Vetoes Show Brown Walking a Middle Line

Jerry Brown's "canoe theory" of politics helps determine which bills he signs.

Back in the day, actually in the mid-seventies, during Democrat Jerry Brown’s first go-round in the Governor’s Office, he described his governing style as the “canoe theory” of politics. He “paddled” a little to the left, “paddled” a little to the right, and then glided down the middle.

That theory has largely steered Governor Brown’s conduct throughout his 40-plus years in and around politics; it’s evident in the way he’s been approaching his job since he took office for his second gubernatorial tour in 2011.

One of the Governor’s key duties is approving or vetoing legislation that makes it to his desk. The chore is always a political mine field, but no more so when a flood of bills rains down on him in the waning days of the legislative session.

My colleague Conan Nolan examined some of Brown’s veto messages issued at the end of the 2011 session— the Governor’s first since his previous turn as the state’s chief executive, 30 years ago. And, yes, Brown was still paddling away.

This year, as the clock ticked off the final hours of the legislative session, Brown took up his political paddle once again.
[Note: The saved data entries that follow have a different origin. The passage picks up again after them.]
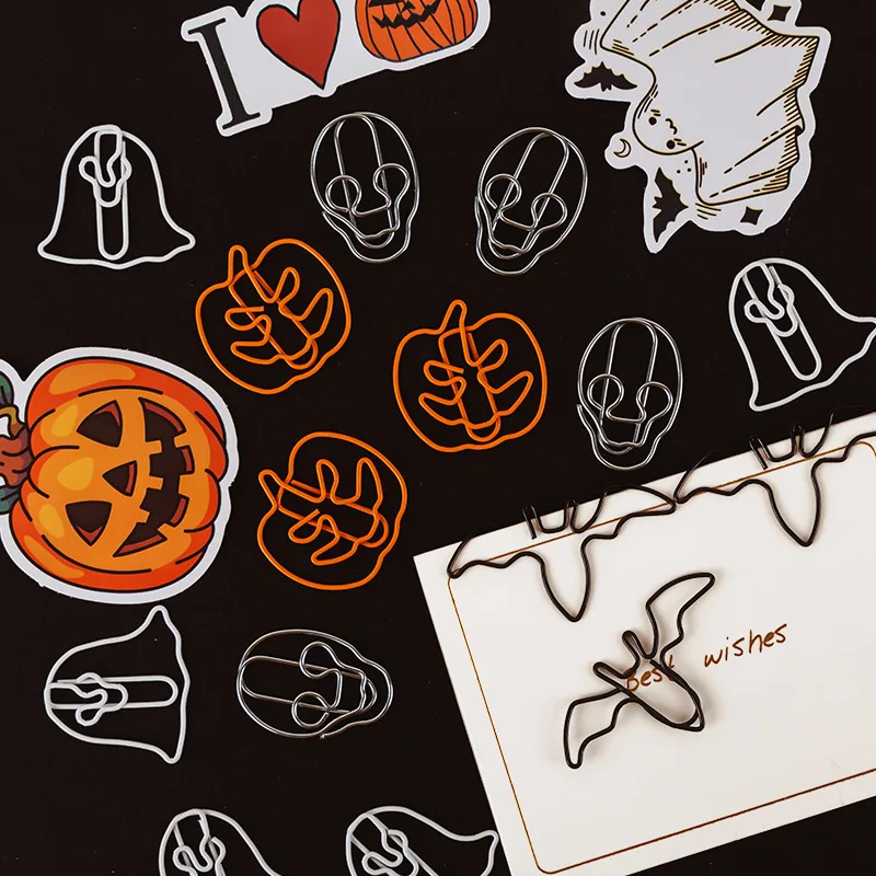 20/50개 할로윈 유령 모양 종이 클립 사무용 금속 호박 모양 박쥐 모양 종이 클립 페이지용 사무용품 금속 클립 문구류
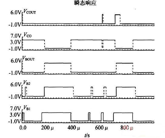 “屏蔽”模式的邏輯關系如圖4 所示,其中VB1和VCOUT 分別為比較器甲和乙的輸出信號,VB1 經過一個延遲時間后輸出信號為VB2,屏蔽電路輸出電壓為VBOUT,VCO為屏蔽電路的輸出端。VB1、VB2和VBOUT的波形反應了屏蔽電路的邏輯關系,只有當VB1 和VB2 同時為高電平,VBOUT 才為低電平,否則VBOUT 一直為高電平,因此屏蔽電路屏蔽了延遲時間內的脈沖信號,保持寬脈沖信號;VCOUT為使能端,只要VCOUT為高電平,VCO 立即變為低電平。
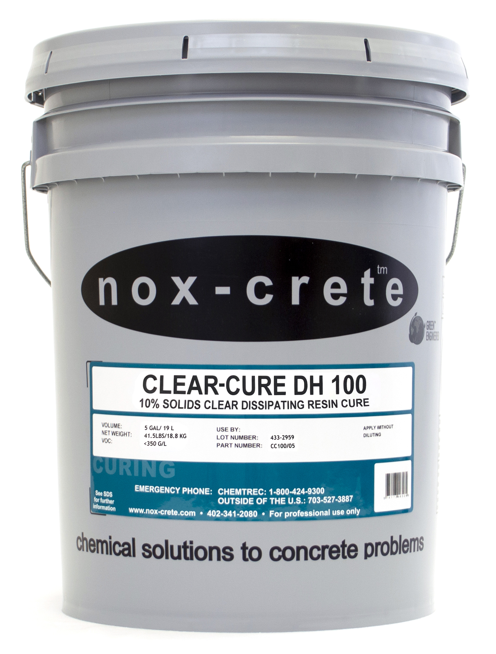 Clear-Cure DH horizontal concrete curing compound is Nox-Crete's new clear, water-based, dissipating hydrocarbon resin-type formula. Clear-Cure DH  offers high performance without waxes, paraffins, gums or oils. When applied to the surface of freshly place concrete, Clear-Cure DH rapidly forms a moisture vapor resistant membrane. It prevents the rapid evaporation of concrete mixing water, allowing concrete to properly cure and develop strength.

This time it was to navigate the rocky shoals of the run-up to this November, when Californians will vote on Proposition 30, the Governor’s tax initiative, designed to help balance the state’s budget. Brown, some argue, has paddled too hard to the right, attempting to convince California voters he’ll rein in Sacramento spending.

According to the Los Angeles Times, “in a nod to Republicans,” Brown approved a bill authorizing “construction of a statue of former President [and California Governor] Ronald Reagan, who famously declared, ‘Government is the problem.’” Not surprisingly, in his signing message Brown mentioned that Gov. Reagan “demonstrated courage and unique leadership ability” by “raising California taxes when he saw they were needed.”

Paddle to the left? A little.

Brown signed into law—with little time to spare—a bill that allows California to grant driver's licenses to young, undocumented immigrants getting temporary work permits through a new Obama administration “deportation relief policy.”

He gave the state’s politically potent labor unions a tip of the hat by signing a bill establishing the California Secure Choice Retirement Savings Program, the nation’s first state-administered retirement savings program for private-sector workers. The powerful Service Employees International Union (SEIU) praised the legislation as “a bold step in the fight against elder poverty.”

Tack again to the right? Yep.

Brown vetoed another piece of legislation of vital importance to immigration activists. The Trust Act, the L.A. Times explained, “would have barred local law enforcement officials from cooperating with federal authorities in detaining suspected illegal immigrants, except in the cases of serious or violent crime.”

He also vetoed a bill, sponsored by the United Farm Workers, that would have made it a crime for farmers not to provide “adequate” shade and water to their field workers. This time, union praise was missing.

Said an angry United Farm Workers President Arturo Rodriguez, "The UFW is appalled at the governor's decision to deny farm workers the basic legal tools to protect themselves from employers who intentionally put their lives at risk by refusing to provide them with adequate water and shade,"

And so it goes. Will the Governor’s “canoe theory” serve him well this November, when his critical fiscal plan is on the ballot?